No noises of laughter, chatting or singing.
No one was there,
but the gerbil asleep in his cage.
88
Playground
I run about in the playground
with William, playing 'It';
it's just like the Grand Prix,
dodging here and there like kingfishers.
Then I meet up with Roberta in the kissing corner,
and say, 'Boy, you're ugly!'
She slaps me round the cheek;
it feels like a Whip across my face.
The field is a glorious wave of grass and daisies.

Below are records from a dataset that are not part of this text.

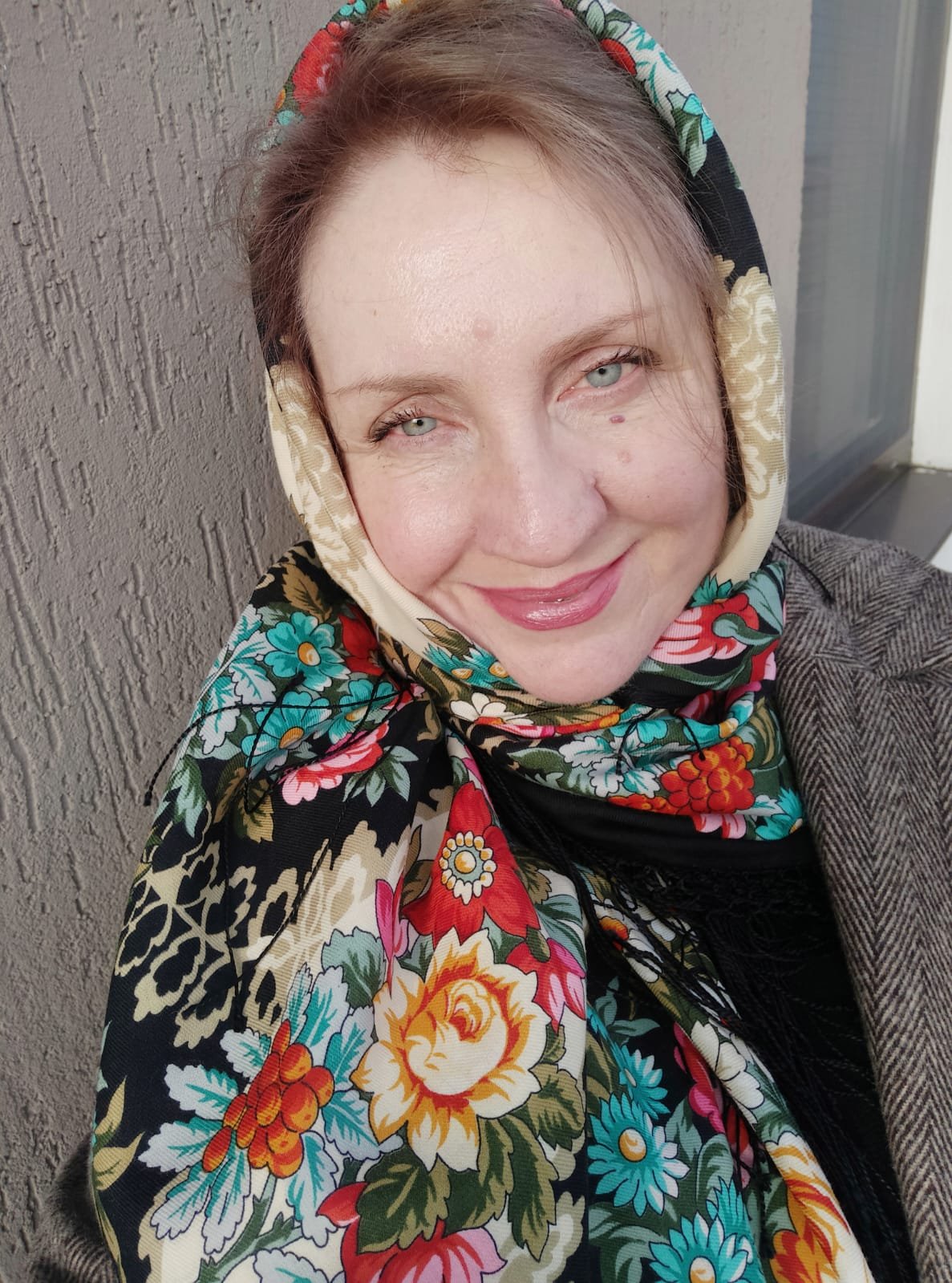 Ах, Марина, как хорошо И сочетание цветов красивое, и Вам очень идёт. Очень! Спасибо за показ! А я и внимание никогда не обращала на этот платок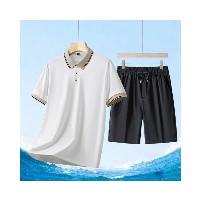 運動套裝男polo衫短袖上衣大尺碼涼感衣短褲吸濕排汗衣薄冰絲短袖T恤褲子休閒套裝羽球衣服高爾夫球衣男生登山透氣速乾褲子 夏天中年爸爸男裝兩件套居家舒適套裝運動寬短褲兩件式套裝跑步健身衣寬鬆t恤防曬褲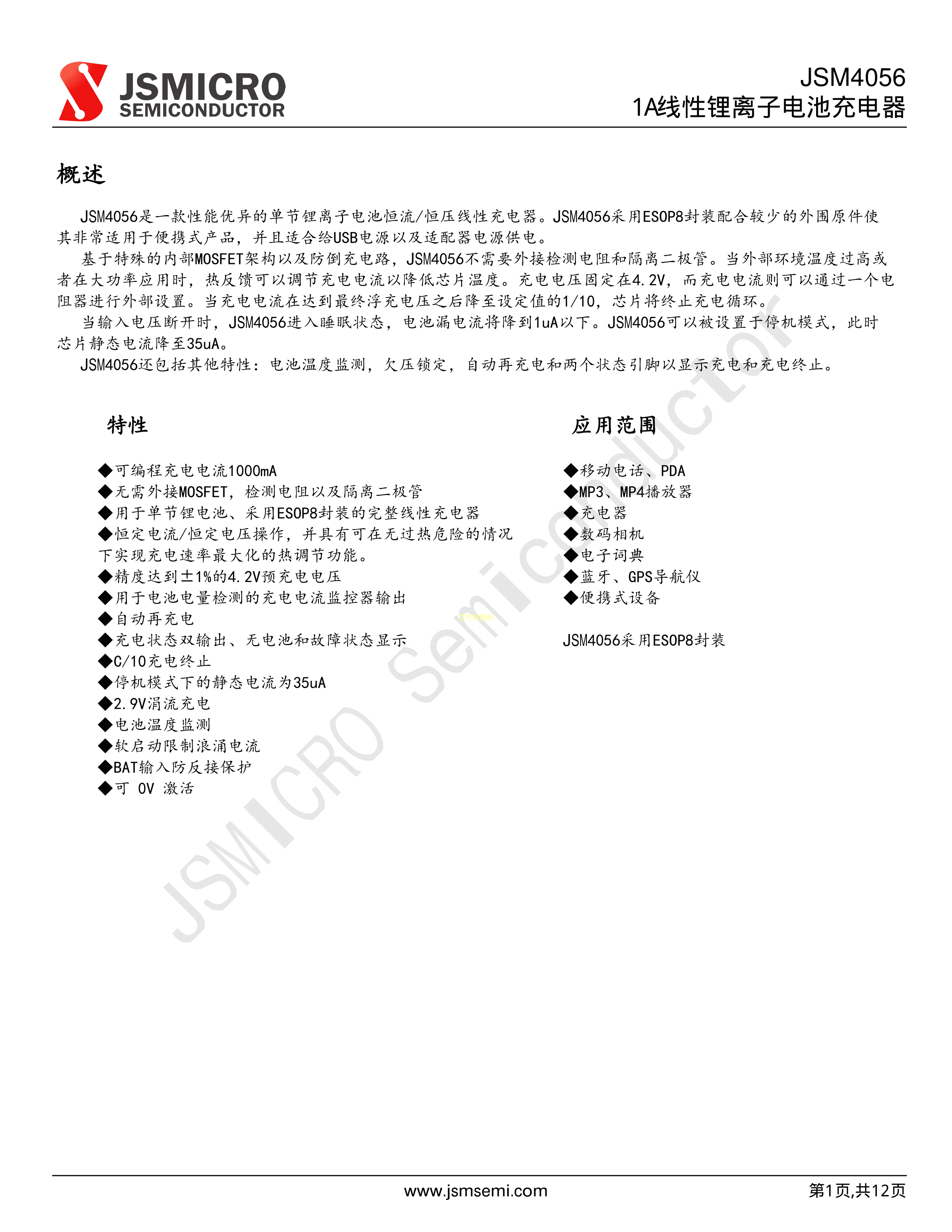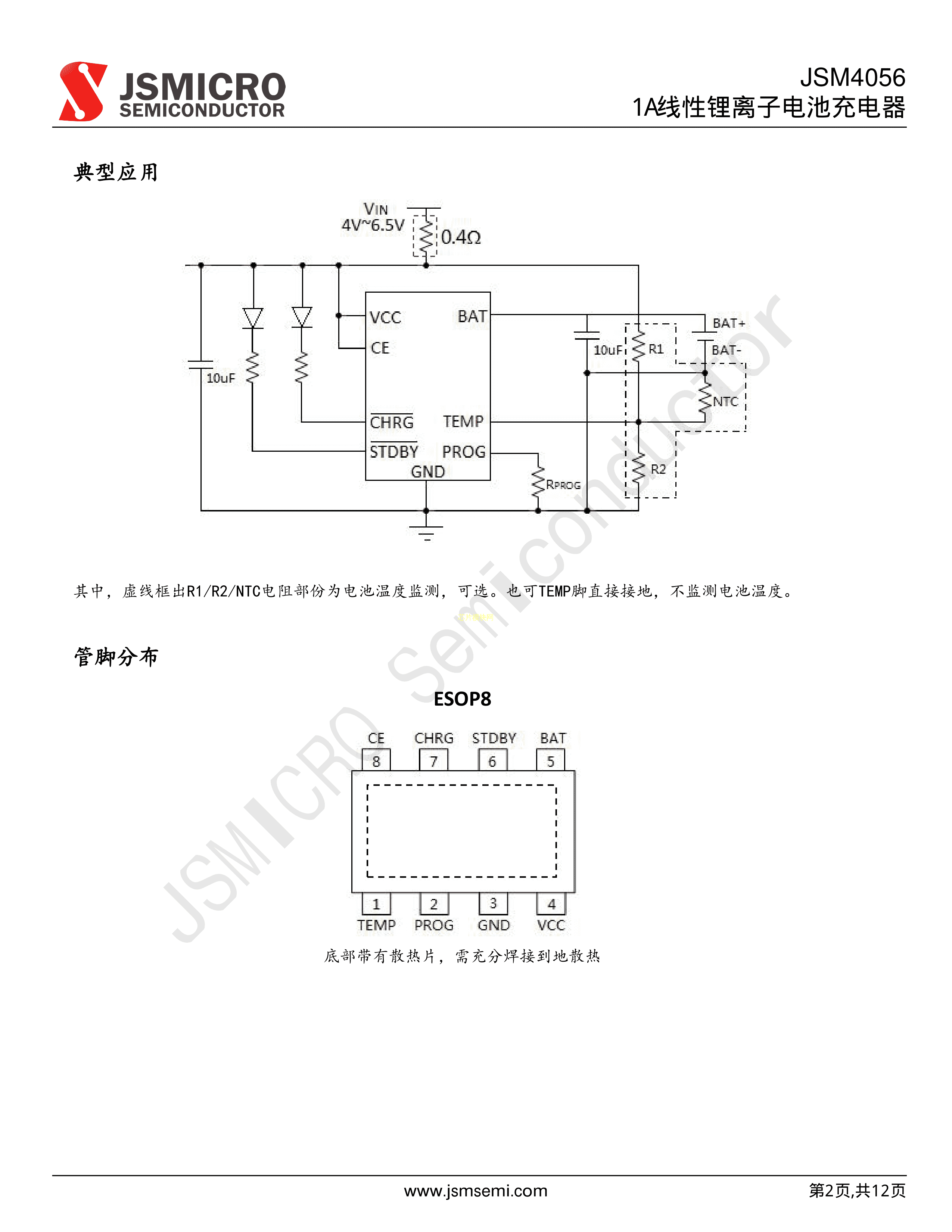 JSM4056数据手册ESOP-8封装JSMSEMI(杰盛微)PDF规格书,中英文下载
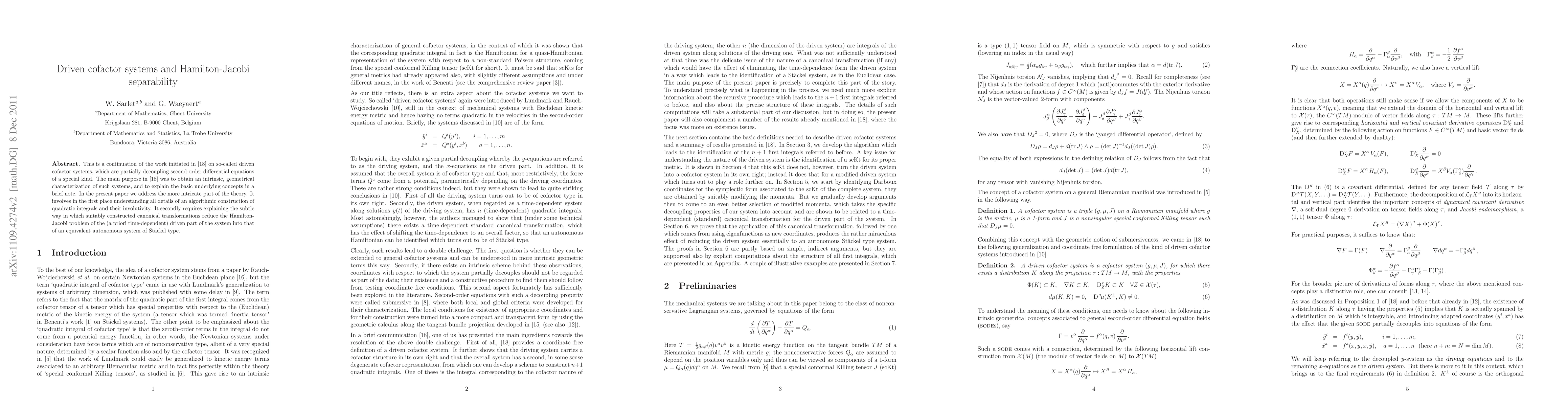 This is a continuation of the work initiated in a previous paper on so-called driven cofactor systems, which are partially decoupling second-order differential equations of a special kind. The main purpose in that paper was to obtain an intrinsic, geometrical characterization of such systems, and to explain the basic underlying concepts in a brief note. In the present paper we address the more intricate part of the theory. It involves in the first place understanding all details of an algorithmic construction of quadratic integrals and their involutivity. It secondly requires explaining the subtle way in which suitably constructed canonical transformations reduce the Hamilton-Jacobi problem of the (a priori time-dependent) driven part of the system into that of an equivalent autonomous system of St\"ackel type.

We all just relax and talk
as if we are on 'After Dark'.
One slight movement from a bell sends everyone running
doors burst open,
letting streams flow into the empty spaces of the school.
NIKI HURREN, 12
Sportsday
The sound of cheering died,
as the heavy door closed behind me.
I looked up and down the corridor.
No one.
Nothing but the silence.
I shivered...there was something...
I opened the juniors' door
and looked in.
Sun shone through the ivy in the huge windows
and picked out the falling dust showers.
Pencil shavings lay by the bin
and pictures and paintings hung on the wall.
But I saw no one.
The infants' door swung quietly open...
a spade lay discarded in the sandbox
and a curtain flapped in the breeze.
No noises of laughter, chatting or singing.
No one was there,
but the gerbil asleep in his cage.
As I walked down the corridor,
cool, dark air hung about me.
I heard a whistle blow in the distance,
then cheering.
And as I walked out of the door,
someone crossed the finishing line.
SARA WORTS, 12
The Old Lady
The Old Lady
The day we went bob-a-jobbing
We met her.
She sat there
In a dainty old chair.
She never moved,
Her faint white hands
Perched on the chair
Like two shot birds.
She was wrapped head to foot
In blankets and shawls
As if she was a hermit crab
In her neutral home.
Wrinkles curved over her soft face
As if a snail had left its trail.
She opened her mouth
And mumbled, 'Hello.'
She looked pleased with herself
Like a child who had just
Learnt to write her name.
Her hair -
What was left of it -
Looked like tiny spiders' webs
Knotting all over.
She took my hand
As if to say, 'Come closer.'
She felt my face
As if wondering whether to buy me or not.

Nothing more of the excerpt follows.